3/14 22:22:38.189787 1748 HA: *** CReadWriteSyncTask::partner_request_completed: Remote write(async) failed, SystemError = 0x4C7, ScsiStatus = 0x0, SenseCode = 0x0, AdSenseCode = 0x0, AdSenseQualifier = 0x0
3/14 22:22:38.189803 1748 HA: CReadWriteSyncTask::complete_task: The 0x00000165BB8F5500 synchronization task has been failed!
3/14 22:22:38.189931 1748 Common: *** iscsi_tcp_dispatch: iscsi_service failed with error: iscsi_service: partially sent PDU has expired, terminating connection.. Reestablish connection to the target iqn.2008-08.com.starwindsoftware:stw04-partnercv4
3/14 22:22:38.189940 3060 HA: HANode::handleCompletionCustomWriteSendRequest: Information about partner node('iqn.2008-08.com.starwindsoftware:stw04-partnercv4') was obtained: active = 0, syncStatus = 2, synchronizerPriority = 0x0, syncCount = 1, hbCount = 1, storageTaskTimeout = 0, lastPerfDegEventElapsedTimeMs = -1, priority = 1.
3/14 22:22:38.189978 3060 HA: *** HA_Partner_iScsi_Device::send_sync_custom_write_scsi_command: EXITing with failure(failed), target is not mounted!
3/14 22:22:38.189978 3488 Common: *** SendCommand: unable to execute iscsi command. Error message: Trying to send command while not logged in..
3/14 22:22:38.190024 3060 func: >>> HASyncNode::solvePartnerCmdSendFailure
3/14 22:22:38.190062 3530 Common: *** SendCommand: unable to execute iscsi command. Error message: Trying to send command while not logged in..
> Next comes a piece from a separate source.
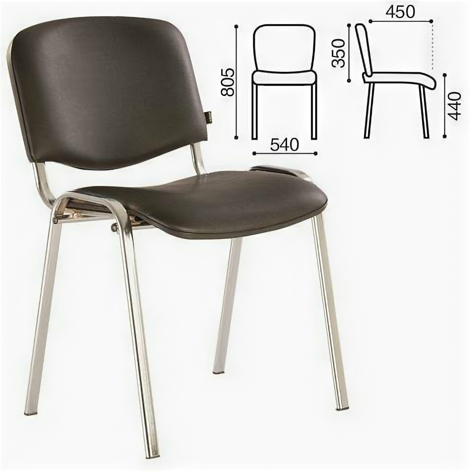 Стул для персонала и посетителей Brabix "Iso cf-001", хромированный каркас, кожзам черный (531424)

3/14 22:22:38.190092 a80 Common: *** SendCommand: unable to execute iscsi command. Error message: Trying to send command while not logged in..
3/14 22:22:38.190113 a80 HA: *** CNIXInitiator::SendCommand: unable to send a command (1627)!
3/14 22:22:38.190135 4670 Common: *** SendCommand: unable to execute iscsi command. Error message: Trying to send command while not logged in..
3/14 22:22:38.190158 2950 HA: HANode::handleCompletionCustomWriteSendRequest: Information about partner node('iqn.2008-08.com.starwindsoftware:stw04-partnercv4') was obtained: active = 0, syncStatus = 2, synchronizerPriority = 0x0, syncCount = 1, hbCount = 1, storageTaskTimeout = 0, lastPerfDegEventElapsedTimeMs = -1, priority = 1.
3/14 22:22:38.190030 b6c Common: *** SendCommand: unable to execute iscsi command. Error message: Trying to send command while not logged in..
3/14 22:22:38.190080 29d8 Common: *** SendCommand: unable to execute iscsi command. Error message: Trying to send command while not logged in..
3/14 22:22:38.190099 3530 HA: *** CNIXInitiator::SendCommand: unable to send a command (1627)!
3/14 22:22:38.190046 51b8 Common: *** SendCommand: unable to execute iscsi command. Error message: Trying to send command while not logged in..
Underlying storage is healthy and performing normal (e.g. over 10k iops and just south of 1 Gbps of throughput).
I have tried to eleminate the crosslinks by taking one of two out, same result. Rebooted the failing node.
Can someone point me in a direction where to troubleshoot further?